> _Task to complete_:
Using the listing below, print the line containing "- 1*Children's Square", the line containing "Среди свиней бородавочник", and each line between them, exactly and nothing else. Pictures stay out of the print.
[Provided material]
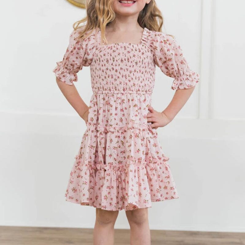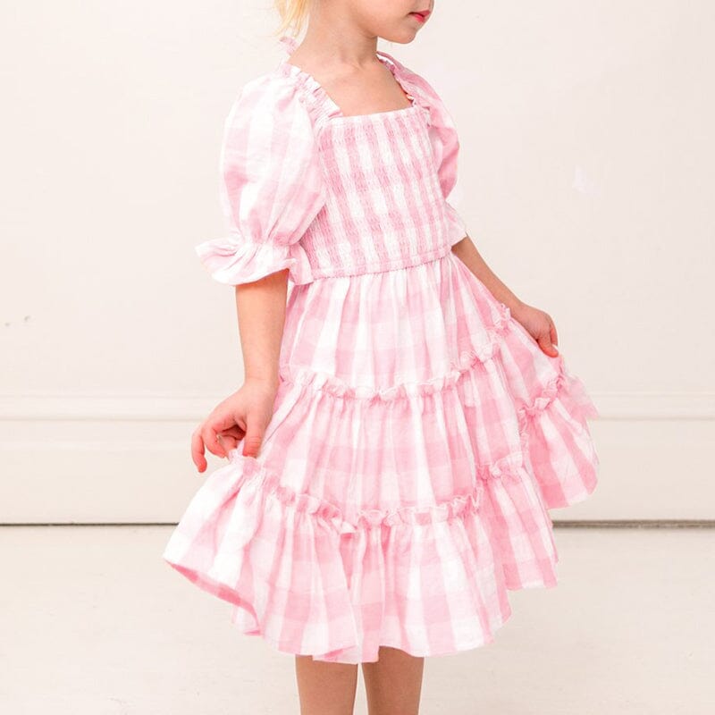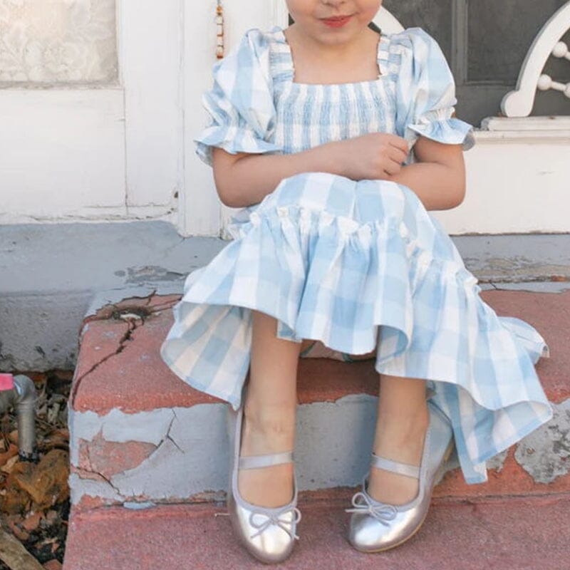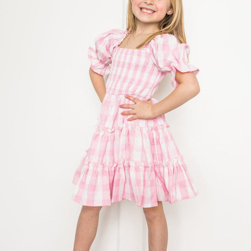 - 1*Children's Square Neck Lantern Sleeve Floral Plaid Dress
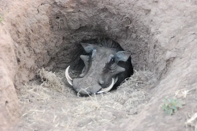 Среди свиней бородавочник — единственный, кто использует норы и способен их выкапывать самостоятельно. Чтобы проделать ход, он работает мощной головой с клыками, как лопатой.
[/Provided material]
[Provided material]
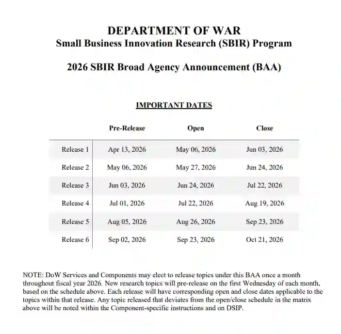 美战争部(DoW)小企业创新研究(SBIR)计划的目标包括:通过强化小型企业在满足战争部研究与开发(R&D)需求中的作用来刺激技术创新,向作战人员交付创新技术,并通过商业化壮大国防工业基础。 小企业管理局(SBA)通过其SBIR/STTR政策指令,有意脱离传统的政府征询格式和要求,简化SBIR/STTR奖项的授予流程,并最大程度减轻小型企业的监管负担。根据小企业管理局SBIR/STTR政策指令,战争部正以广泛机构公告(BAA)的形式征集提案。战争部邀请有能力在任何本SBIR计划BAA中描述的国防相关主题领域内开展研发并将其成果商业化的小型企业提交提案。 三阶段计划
[/Provided material]
[Provided material]
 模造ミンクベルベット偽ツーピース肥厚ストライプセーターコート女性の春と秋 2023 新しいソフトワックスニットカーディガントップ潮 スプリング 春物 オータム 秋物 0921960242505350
[/Provided material]
> _Task solution_:
 - 1*Children's Square Neck Lantern Sleeve Floral Plaid Dress
 Среди свиней бородавочник — единственный, кто использует норы и способен их выкапывать самостоятельно. Чтобы проделать ход, он работает мощной головой с клыками, как лопатой.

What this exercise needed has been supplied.